Definition. (Margin of a Hyperplane)

一个数据集所属空间中的一个超平面的 margin 是距离超平面最近的数据点到超平面的距离。

Definition. (Margin of a Dataset)

一个数据集的 margin (记作 \(\gamma\)) 是对于这个数据集而言，使用任意的权重向量 (weight vector) 分别点乘每一个数据点，其新数据集在新空间内所尽可能达到的最大 margin (of the hyperplane)。

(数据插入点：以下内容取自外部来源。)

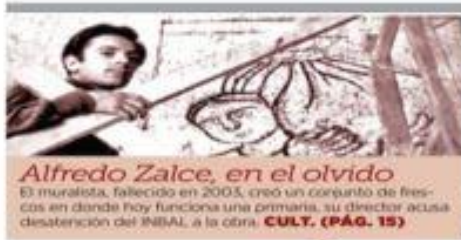
Alfredo Zalce, en el olvido El muralista, fallecido en 2003, era un concurrido de frescos en donde hoy funciona una primaria, su director acusa desatención del INBAI a la obra. CULT. (PÁG. 18)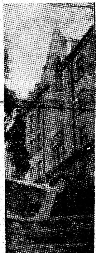
Spre Institutul de mine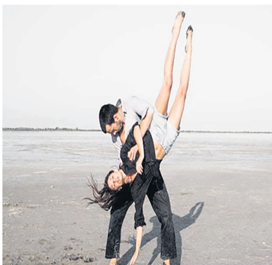
Les deux artistes exécutant le Noos

Ces deux artistes jouent avec les limites de leur corps, en exécutant la danse du Noos. Le samedi 9 septembre, les Ponténégrins sauront un peu plus sur cette danse acrobatique qui a pour point de départ le corps de ces deux artistes et ce qu'ils sont : des portants et des portés, comme tout un chacun l'est à sa manière. À la différence que leur manière est radicalement physique, la même chose et autre-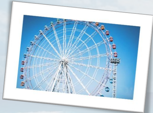
淡路ハイウェイオアシス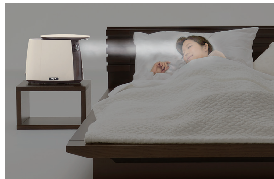
適温のスチームを顔まわりにダイレクトに届ける。エアコンの風の影響も受けにくく、ピンポイントで効率的に保湿

宿泊利用者の減少に悩むレジャーホテル業界においても「快眠空間」を打ち出すことで“選ばれるホテル”になるための一助となるだろう。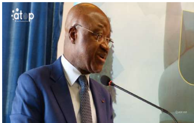
Le ministre ouvrant les travaux

continuité de celle tenue en décembre dernier à Lomé. L'atelier a connu la participation des opérateurs économiques, des préfets et maires de la région de la Kara et des membres des équipes ministérielles et de l'Office togolais des recettes (OTR).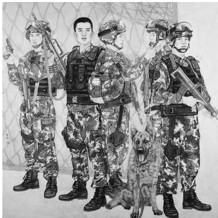
兵样(中国画) 韦伶作

走进展厅,一幅幅以个体或群像、组图等方式描绘宏大历史事件的作品扑面而来,给人以心灵的震撼。徐里的油画《启航》运用强烈冷暖色彩对比,加强视觉冲击力和艺术张力,画面生动自然,富有意境;邵亚川的油画《窑洞中的灯光》用写实的绘画手法,刻画了毛泽东、朱德等老一辈革命家在延安窑洞集体学习马列著作的瞬间。那盏微弱的灯光,喻示真理之光、信仰之光,照亮了中国革命前行的道路;《华北军演》则聚焦新中国成立以来当时我军规模最大的—次军事实战化演习。画面中铁甲云集、战机轰鸣,场景惊心动魄;苗再新的中国画《百团大战》用笔厚重、作者突破常规的构图方式,以组图形式,营造了一个气势恢宏的战争场面,并通过细致入微的人物刻画,从多个角度反映了战斗的激烈与残酷,凸显了我军大无畏的英雄气概,反映了在中国共产党的领导下,全民团结一心、同仇敌忾的民族精神;陈树东的油画《星火》以写实兼写意的创作手法,描绘了50多位中国共产党早期领导者的历史人物群像。作者在现实主义的底色中借鉴雕塑艺术语言表现形式,使人物形象具有铜墙铁壁般的质感,展现了建党初期中华大地星火初燃之势,描绘了中国共产党人坚定的信仰和光辉形象。此外,中国画《狼牙山五壮士》《更喜岷山千里雪》,油画《四渡赤水》《会宁大会师》,雕塑《红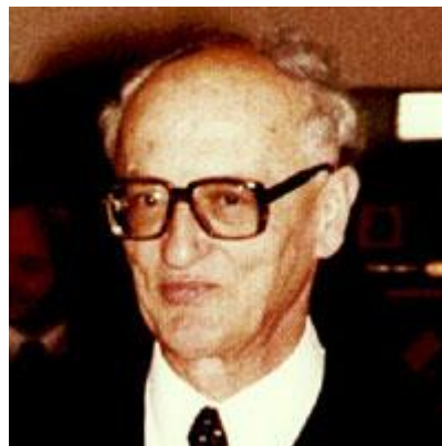
Клаус Самельсон, один из создателей языка ALGOL (1918-1980)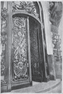
Edificio del Centro Naval en la esquina de Florida y Córdoba, obra proyectada por el arquitecto Gastón Luis Mallat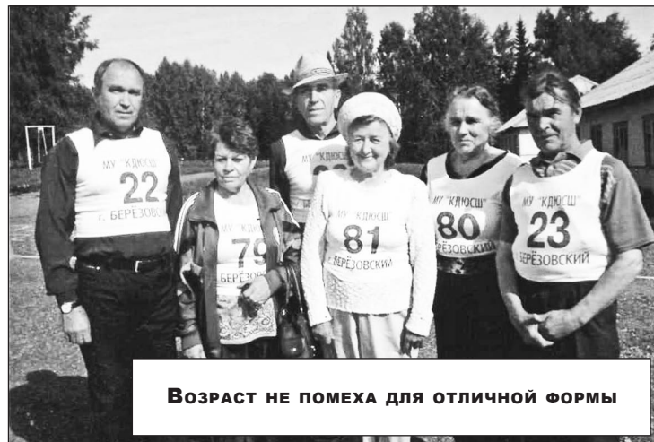
Возраст не помеха для отличной формы

моральным кладбищем шахтеров, погибших во время аварии 1995 года. Ходят на субботники по уборке городских улиц. Посещают лежачих больных из своей организации. Участвуют в спортивных соревнованиях. Зимой выставляли команду на «Лыжню России», а сейчас идет летняя спартакиада среди городских ветеранских организаций, где соревновались в турнирах по шахматам, шашкам, дартсу. Через несколько дней состо-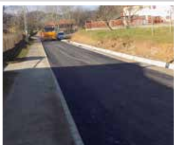
Szikla utca eleje (2016)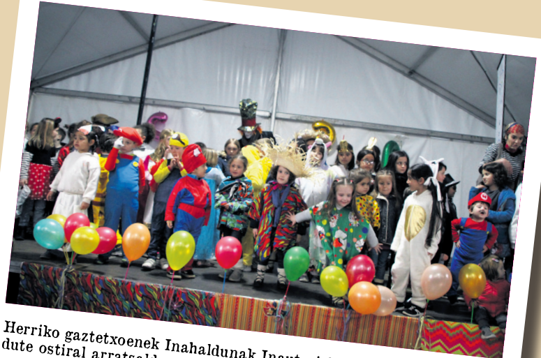
Herriko gaztetxoek Inahaldunak Inauteri festaz gozatu ahal izan dute ostiral arratsaldean.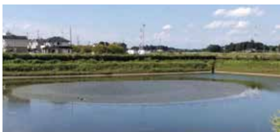
浚渫工事に入る第一調整池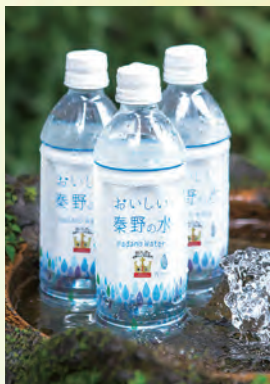
全国1位に輝いた「おいしい秦野の水」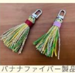
バナナファイバー製品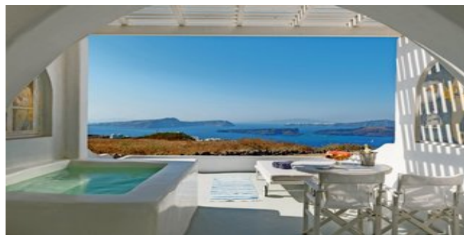
Wohnbeispiel Deluxe Suiten Outdoor Jacuzzi

FAMILY ELEGANT MAISONETTEN PLUNGE POOL (UH) Ca. 48 qm. Für 2-5 Personen. Grundausstattung wie die Comfort Suiten. Kombiniertes Wohn-/Schlafraum mit Sofabett, 1 separater Schlafraum mit Kingsize-Bett und 1 offener Schlafbereich mit Doppelbett auf einer eingezogenen Zwischendecke. Dusche/WC, Föhn,

换言之，margin of hyperplane 是一个 \(\min\) 的概念，而 margin of dataset 是一个 \(\max\min\) 的概念。并且，对于 margin of dataset 的定义，假设初始 feature dataset 为 \(\mathcal {X} = \left\{\vec{x_{1}}, \vec{x_{2}}, \ldots, \vec{x_{n}} \right\}\)，对于每一个数据点 \(\vec{x}_{i}\)，点乘以一个任意的权重向量 \(\vec{w}\)，得到新的一组 feature dataset \(\mathcal{X}^{\star} = \left\{ \vec{w} \cdot \vec{x_{1}}, \vec{w} \cdot \vec{x_{2}}, \ldots, \vec{w} \cdot \vec{x_{n}} \right\}\)，再配对以各自的 label 得到二维平面上的新数据集 \(\mathcal{X}^{\star} \times \mathcal{Y} = \left\{ (\vec{w} \cdot \vec{x_{1}}, y_{1}), (\vec{w} \cdot \vec{x_{2}}, y_{2}), \ldots, (\vec{w} \cdot \vec{x_{n}}, y_{n}) \right\}\)。在这个二维空间内根据给定的 hyperplane （即一根直线），求出使得 margin of the dataset \(\mathcal{X}^{\star} \times \mathcal{Y}\) 最大的上述 \(\vec{w}\)。

Perceptron Algorithm Guarantee

Theorem. (Perceptron Mistake Bound)

假设存在一个 \(\vec{w}^{*}\) （单位长度为 \(1\)），使 \(\text{margin} = \gamma\) 的 training sample 变得 linear separable。令 \(R = \max\limits_{\vec{x} \in \mathcal{X}} ||\vec{x}||\)，那么 perceptron algorithm 最多会犯 \(T = \big(\frac{R}{\gamma}\big)^{2}\) 次错误。

Proof.

证明的关键点在于说明：经过第 \(t\) 次遍历后得到的 \(\vec{w}^{(t)}\) 和 \(\vec{w}^{*}\) 相差多少？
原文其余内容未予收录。